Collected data
◇ ◇ ◇ ◇ ◇

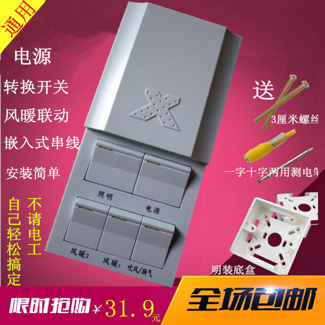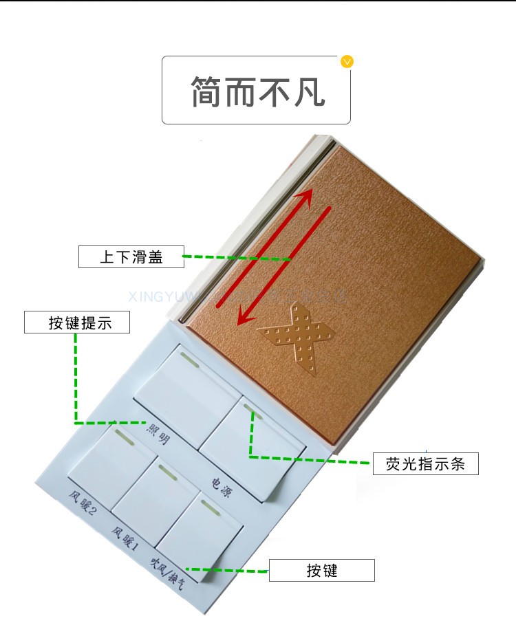Yuba switch five-open maverick 16A bathroom powder room 86 universal four-in-one five-in-one switch waterproof panel
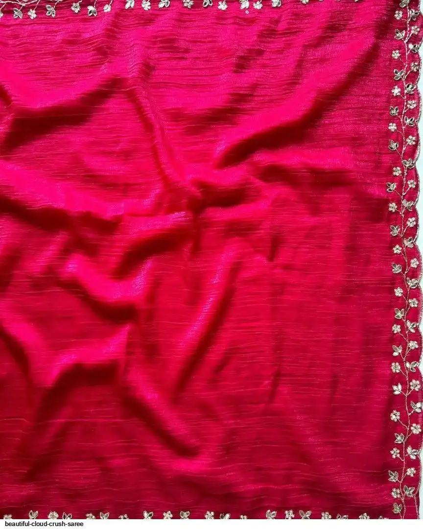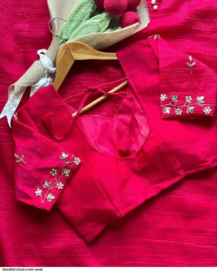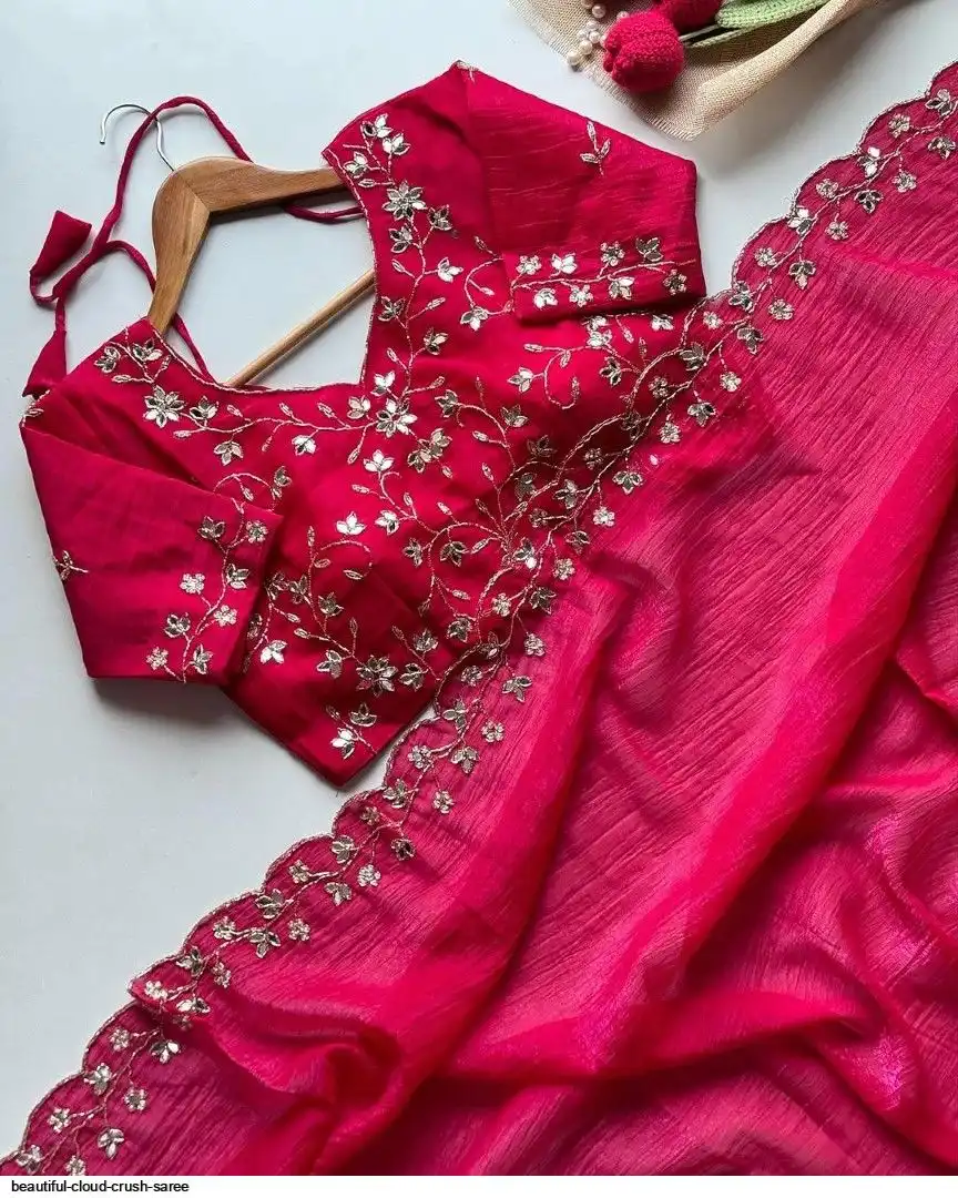 Beautiful handwork all over cloud crush saree and running unstitch blouse with handwork
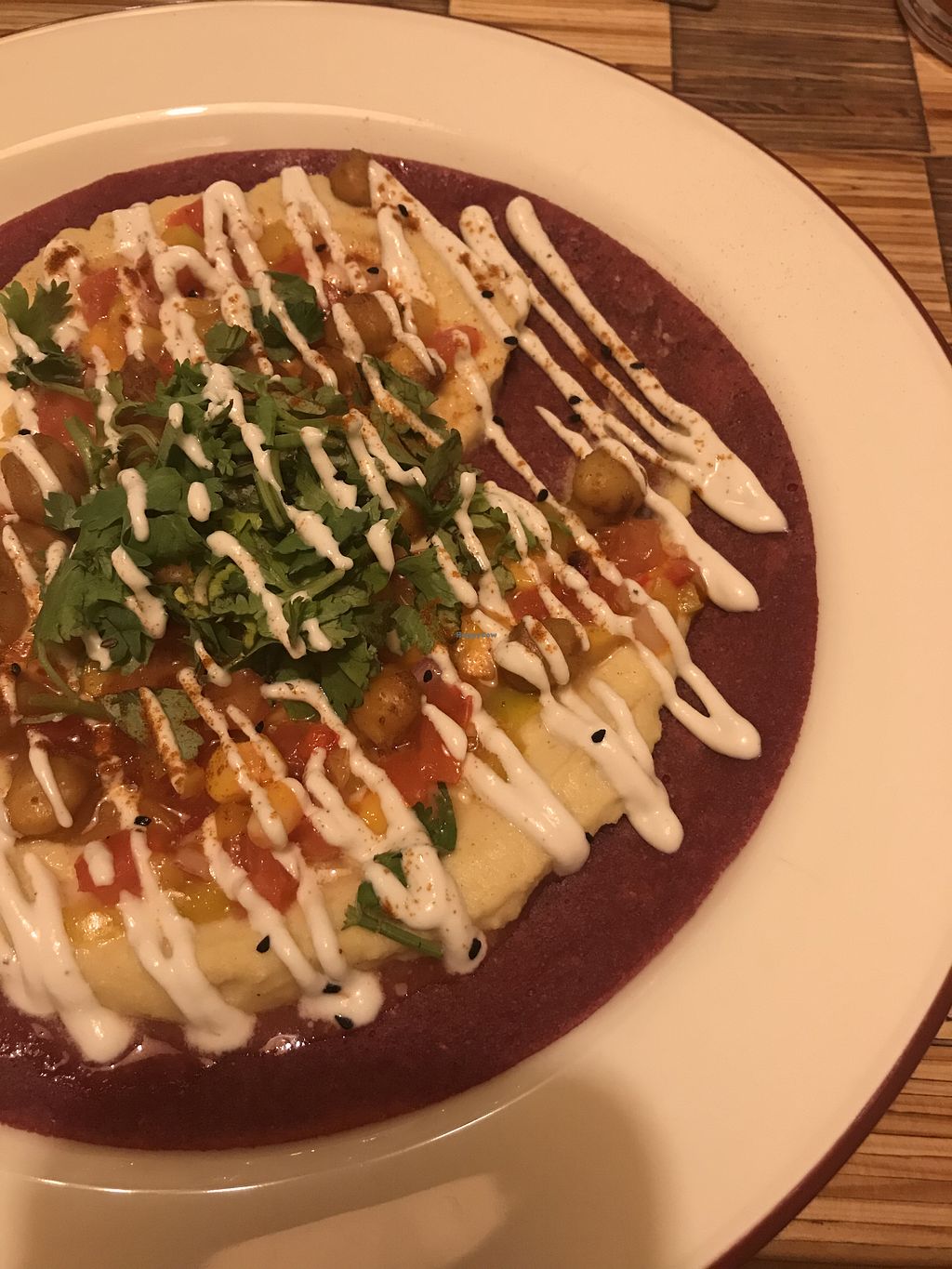Very cosy place with lots of vegan options. We started with the special toasts, a selection of whole wheat bread with three different spreads, including their “red fish” paste made with carrots, and their purple cabbage soup with beetroot raw bread
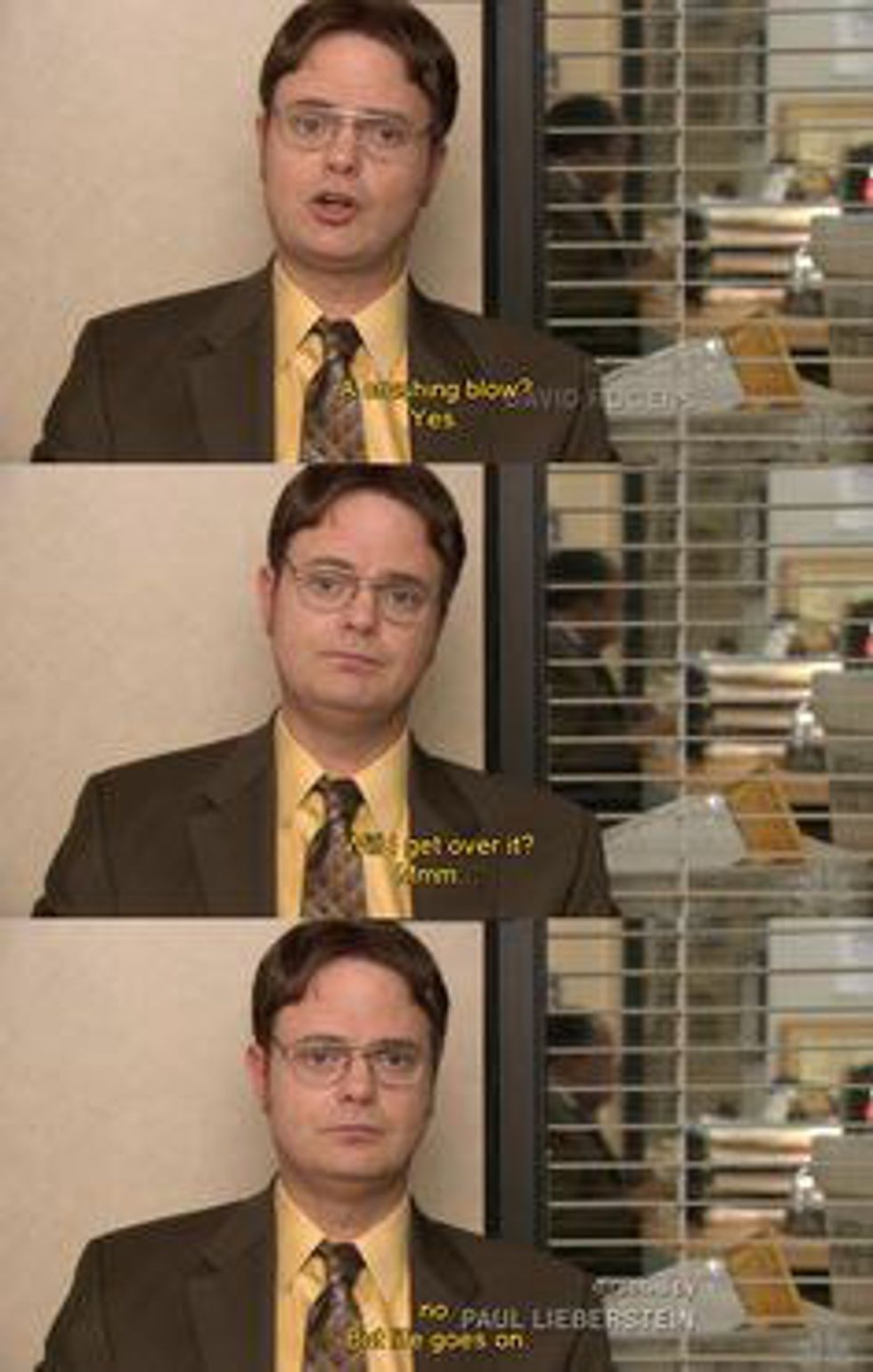 As one of the "toughest" characters on the show, Dwight is right. Sometimes shit happens. And even though we may try to fix it, sometimes we just have to accept that it happened. Tell ourselves, "It is what it is," and carry on with our lives.
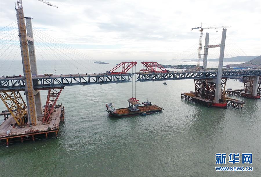 9月21日,平潭海峽公鐵大橋鼓嶼門航道橋的鋼桁梁在吊裝中(無人機(jī)拍攝)。新華社記者林善傳攝

◇ ◇ ◇ ◇ ◇

■ **WORK TO COMPLETE**
Within the entries above, the lines from the one with "As one of the" through the final line are to be printed exactly, with the pictures removed.

■ **RESULT OF THE TASK**
 As one of the "toughest" characters on the show, Dwight is right. Sometimes shit happens. And even though we may try to fix it, sometimes we just have to accept that it happened. Tell ourselves, "It is what it is," and carry on with our lives.
 9月21日,平潭海峽公鐵大橋鼓嶼門航道橋的鋼桁梁在吊裝中(無人機(jī)拍攝)。新華社記者林善傳攝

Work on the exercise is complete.